# What's the worst thing that happened to you 'sona?



## TheCynicalViet (Apr 11, 2021)

It's just as it says on the tin. In life, sometimes you have to face profound ups and downs. The good parts of life are always accented by the suffering we experience and how we deal with or overcome it. So, to appreciate the good things that happen to your fursonas, what's the worst thing that has happened to your fursona? Feel free to have philosophical discussion about this topic in between sharing your fursona's effed up traumas!


----------



## Deleted member 93706 (Apr 12, 2021)

I created him.


----------



## Primal the Lycanroc (Apr 12, 2021)

Ah, well, for Ollie, things have had their ups and downs. It's definitely no walk in the park when making things like these, especially the finalization process.


So for Ollie, he started as a fox at first, then a number of different species, ranging from bats, mice, fennecs, cats, and raccoons.

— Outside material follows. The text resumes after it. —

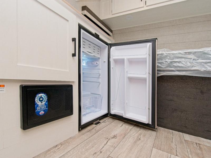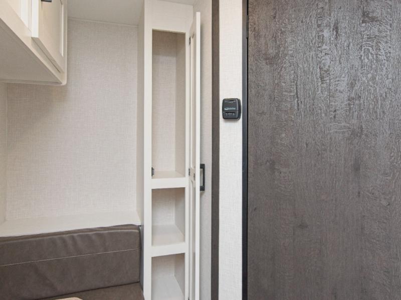 Premium Interior Touches: Modern rail-style cabinet doors, residential-grade linoleum, LED lighting, and a Bluetooth stereo with USB connectivity bring style and function together.

The thing is, there were many different forms that I've put Ollie in, which alone could be far more than just mere switcharoos, but identity crisis on an elevated scale. The amount of species that were used were obscene, even for me, and the fact that it was done in such short time frames made it even worse. The fact was that I always eas indecisive, so picking just "one" main to stick with was the greatest challenge of all. So in an effort to fill that void with species that were my favorites, I went and turned Ollie into a variety of different critters, almost totaling well over twenty different types of creatures, with the addition of Pokemon making that well over fifty.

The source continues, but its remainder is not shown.